Following on the heels of Baidu is another Chinese internet giant about to venture into the world of connected cars. Alibaba Group Hold...


Following on the heels of Baidu is another Chinese internet giant about to venture into the world of connected cars. Alibaba Group Holding Ltd, the largest e-commerce company in Asia, is entering a joint venture with China’s largest automaker, SAIC Motor Corp., to develop a car that could be available as soon as next year.

Both of the Chinese giants will jointly invest a billion yuan (US$1.6 million) to develop and operate the web-enabled car; Alibaba will use its expertise to integrate maps, communication, entertainment and cloud computing services into the “car on the Internet”. 

“In the age of the Internet economy, cross-boundary integration has become an inevitable trend,” according to a statement by SAIC. “The cars of the future must be Internet-oriented.”

The Chinese government has been encouraging companies outside the auto industry to join forces with conventional car manufacturers, to engender innovation and stir up competition in the auto industry. And the call to arms seems to be working: the country’s largest search engine operator, Baidu, confirmed last July that it is working on an autonomous car slated for a 2015 reveal; Leshio Internet Information & Technology Co., manufacturer of internet TV’s, spent the past year developing a connected car and had said that it would invest billions of dollars to do so. In other parts of the world, Google Inc. said that it is pushing to have its self-driving vehicles plying the public roads within the next five years; and the rumour around the town called ‘the Internet’ says that Apple Inc. is aiming to put its own electric car on the road by 2020.

China is not forgetting the third vital element in the mix – the infrastructure. Last October, China Mobile and Germany’s Deutsche Telekom inked a deal to create a platform for web-connected cars in China; the latter will share its technology for machine-to-machine communication while the former will provide the network. Telco equipment producer, Huawei, is working towards the so-called fifth generation mobile network, a technology still in such early stages of development that its definition is still vague; according to Huawei deputy chairman Ken Hu’s definition, 5G will allow for connections of more than a 100 billion devices at speeds of up to 10Gbps and the company has allocated at least US$600 million for R&D.
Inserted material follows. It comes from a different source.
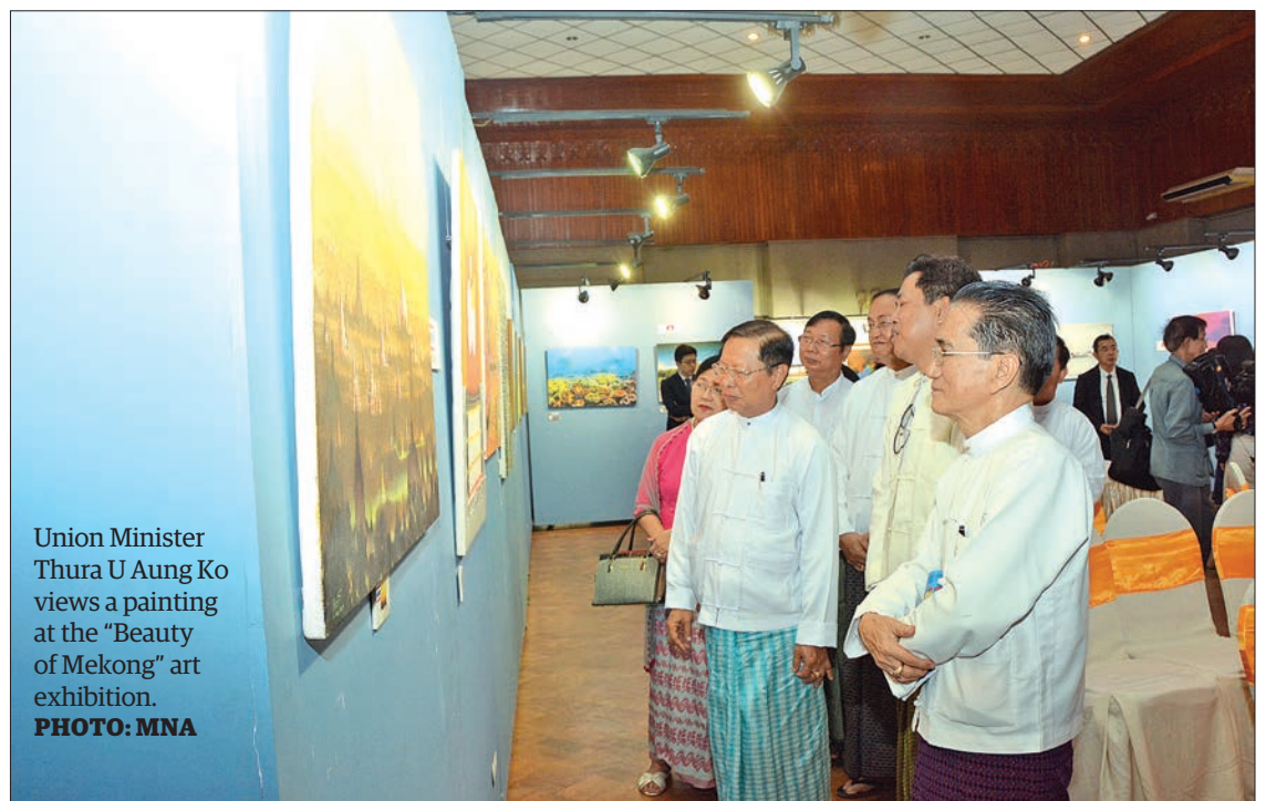
Union Minister Thura U Aung Ko views a painting at the “Beauty of Mekong” art exhibition.

Then, Artist U Hla Tin Tun delivered a speech on behalf of Myanmar artists and a Japanese artist from Tokyo University of Art, of Japanese artists. After the

And a stable, heavy-duty network is certainly needed. Today, the number of cars with networking features is minuscule – only about 8% in the entire world, according to consulting firm, McKinsey. By 2020, however, it predicts that about a quarter of all cars – mostly from the higher end - will be connected. BMW, for instance, had begun embedding SIM cards in all its new cars since last year.

That’s good business for providers of services and hardware related to in-car connectivity. A report by GSMA, the trade body of mobile operators, predicts that revenues from these will treble in five years and will become a US$39 billion industry by 2018. That’s a lot of money to be made for those who have the foresight, and maybe that’s what Alibaba and the lot of them have.